JR Custom Calls said:


> Been looking at one for my CNC... http://www.toolstoday.com/c-440-spo...ycutter-and-bed-skimming-insert-cnc-bits.aspx


Dang, how big of motor does your CNC have?


----------



## JR Custom Calls (Feb 15, 2016)

barry richardson said:


> Dang, how big of motor does your CNC have?


It will have a bosch 1617 router on it once I get it set up. But with such a small depth of cut and only on MDF, even a 3" bit would work. I was looking at a 1.25".


----------



## woodtickgreg (Feb 15, 2016)

JR Custom Calls said:


> Been looking at one for my CNC... http://www.toolstoday.com/c-440-spo...ycutter-and-bed-skimming-insert-cnc-bits.aspx


Very cool Jonathan, I bet these would work great with a big router planer to flatten wide boards. And I likey replaceable carbides!!!

Reactions: Agree 4


----------



## justallan (Feb 16, 2016)

I called it a "carbide tipped fly cutter" and came up with some good ides on google.
I have the Bosch 1617 on my CNC and use a 1/2" and 3/4" cutter and neither the machine or router even know it's there.
I'd make darned sure to have your work clamped real good. Years ago I tossed a chunk of aluminum across the shop being a little greedy with a flycutter on a Bridgeport. I clamp stuff pretty good nowadays!

Reactions: Informative 1


----------



## Kevin (Feb 16, 2016)

justallan said:


> I called it a "carbide tipped fly cutter"



That seems a little over-the-top to handle such an easy chore. Around here we still just swat them with flyswatters and be done with it. You guys in Montana make things too complicated.

Reactions: Funny 5


----------



## justallan (Feb 16, 2016)

It's kind of like all you rich folks with chainsaws for falling trees.
What we do is climb to the top of trees and start swinging until they snap.
The guy who lands on the box of beer has to buy the next box.

Reactions: Funny 4


----------



## gman2431 (Feb 16, 2016)

We use lots of surfacing bits like that at work in our cnc's. 

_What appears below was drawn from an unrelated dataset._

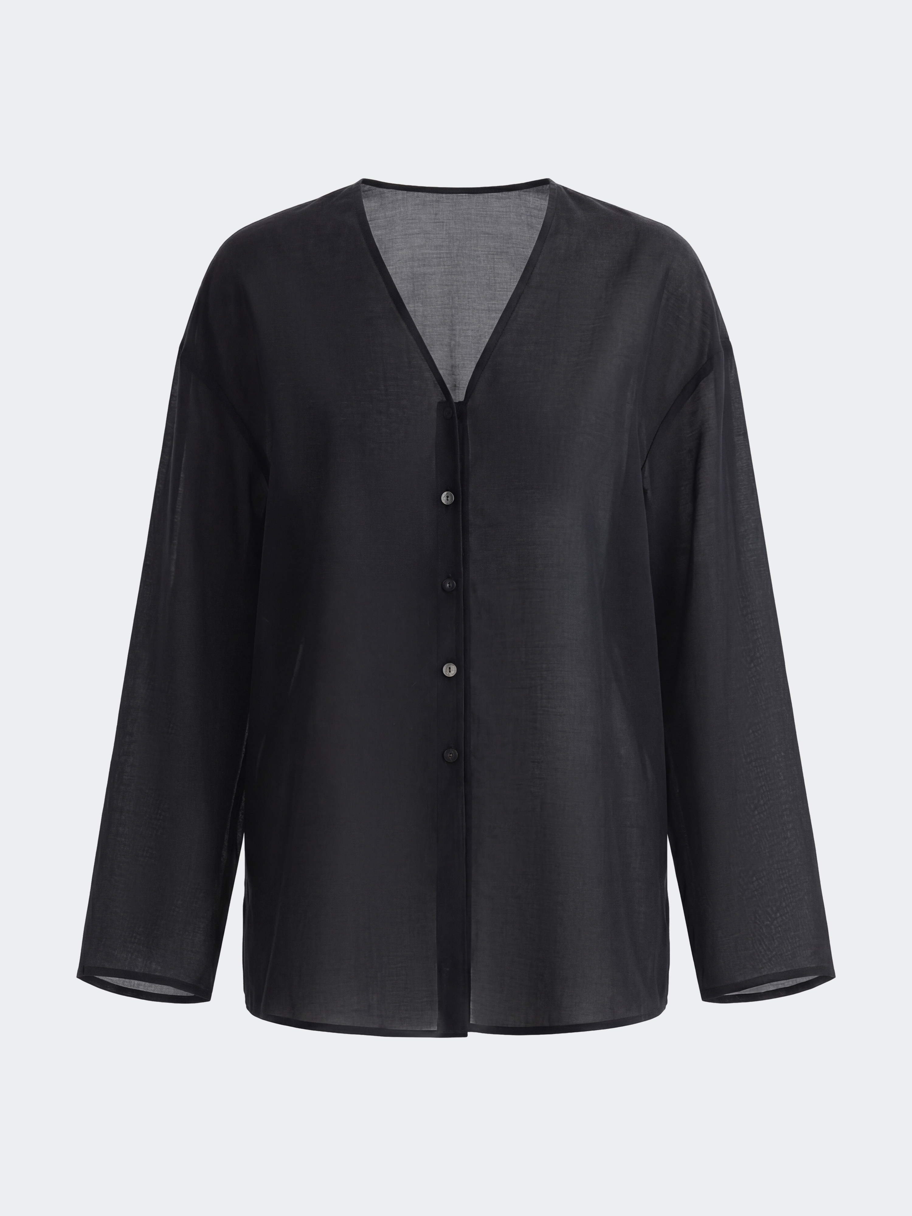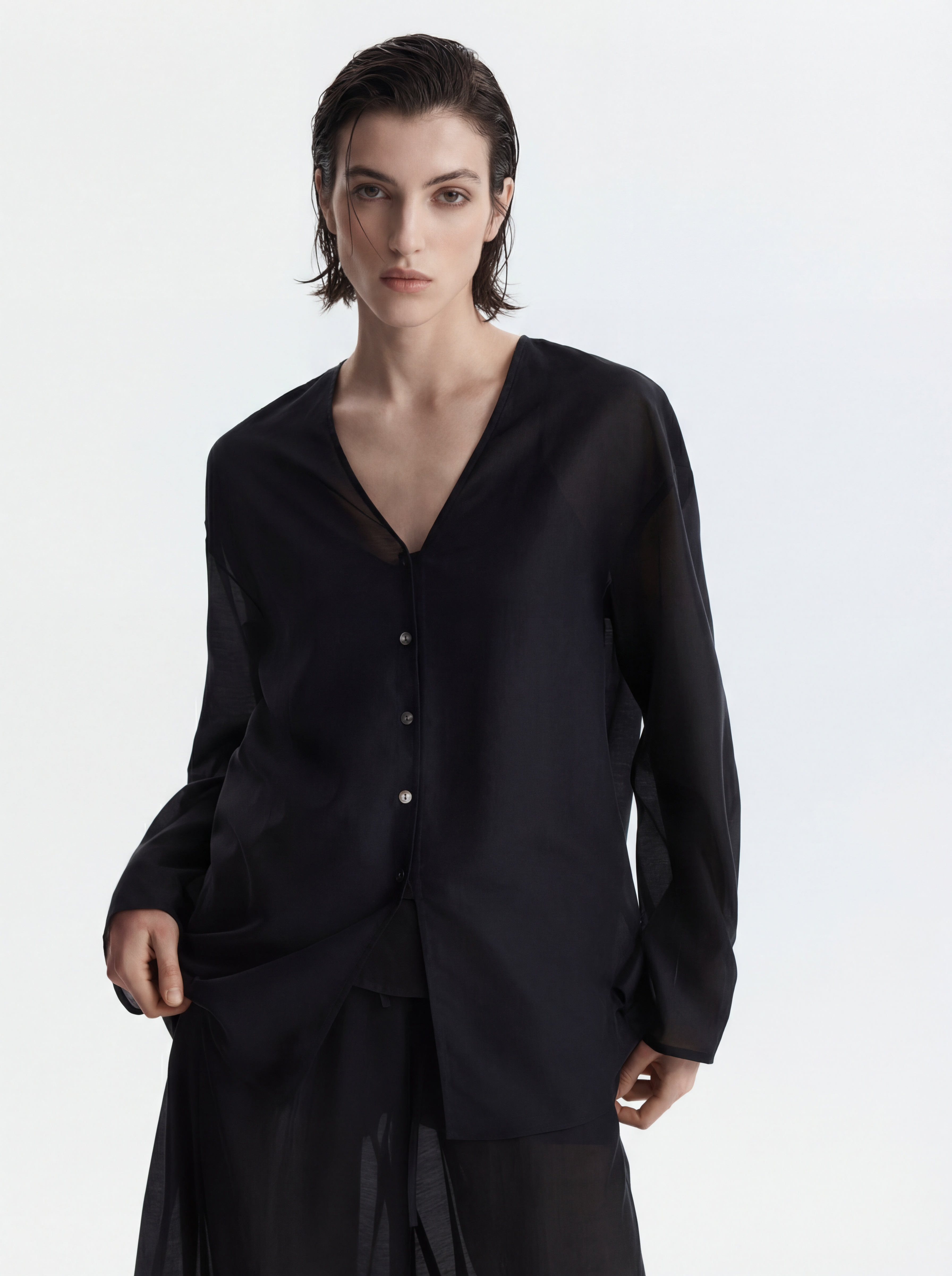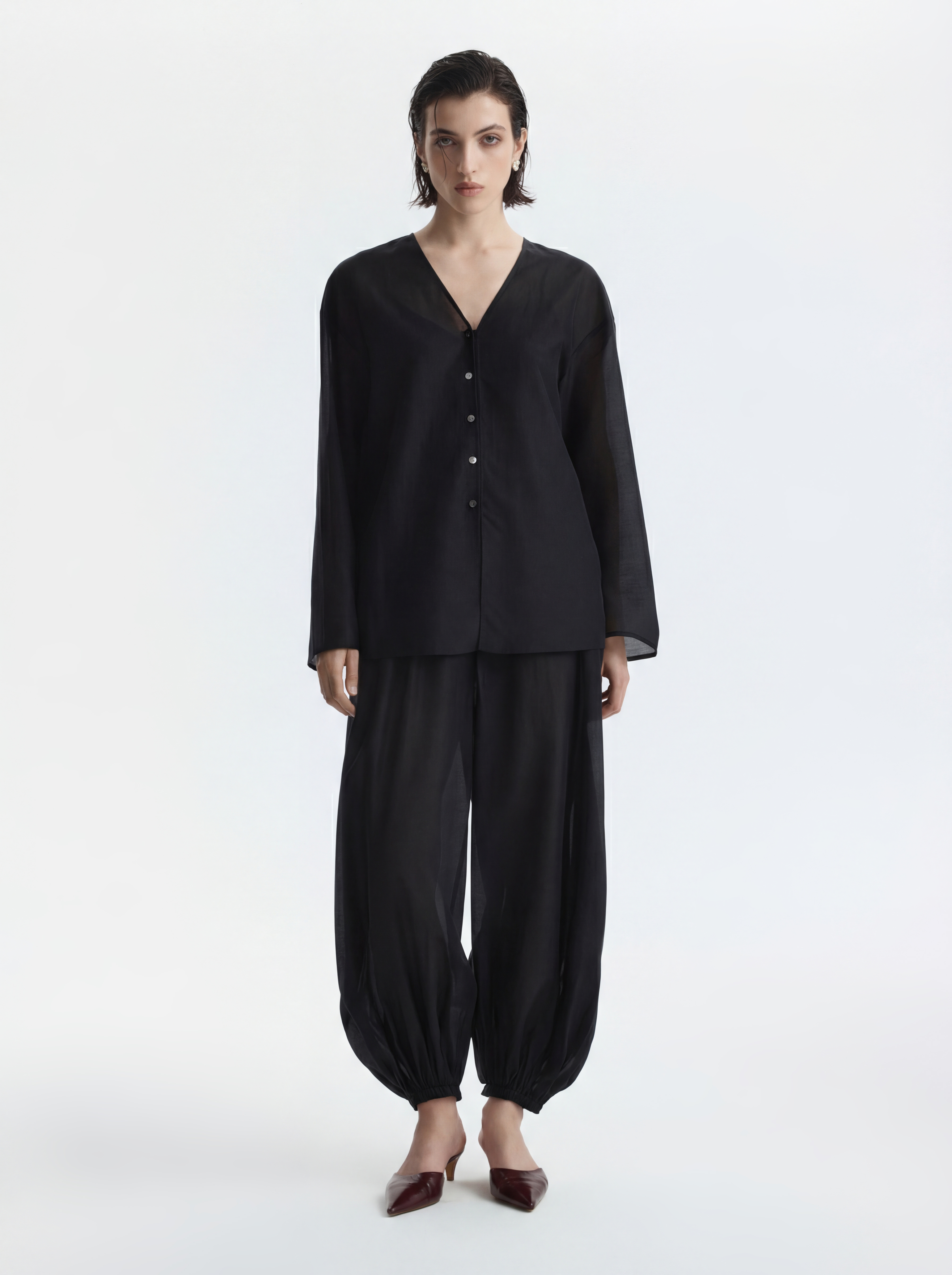 Блуза в пижамном стиле свободно сидит по фигуре и не сковывает движения. Тонкий полупрозрачный текстиль из лиоцелла (волокна целлюлозы) хорошо пропускает воздух и дарит ощущение прохлады, а нижний топ из хлопка предотвращает просвечивание. Дополнить костюм можно брюками из аналогичного материала.

I've always been told it's a fly cutter also but can ask our tool rep when he comes in for a technical name of you wish.


----------



## TimR (Feb 16, 2016)

Kevin said:


> Has anyone seen a bit like this? Know what it is called? Looks like it would be great for my router-plainer ...
> 
> View attachment 97321
> 
> I grabbed the screenshot off a YT video.


What YT vid? That cutter is taking off two completely different passes which just looks odd. Makes me wonder if there's a tight relationship between each set of cutters based on their orientation, or if one is meant to be a 'roughing' cut and the other a finish??? Cool...I think.


----------



## TimR (Feb 16, 2016)

Here's one from Amanatool...$250 or thereabouts...


----------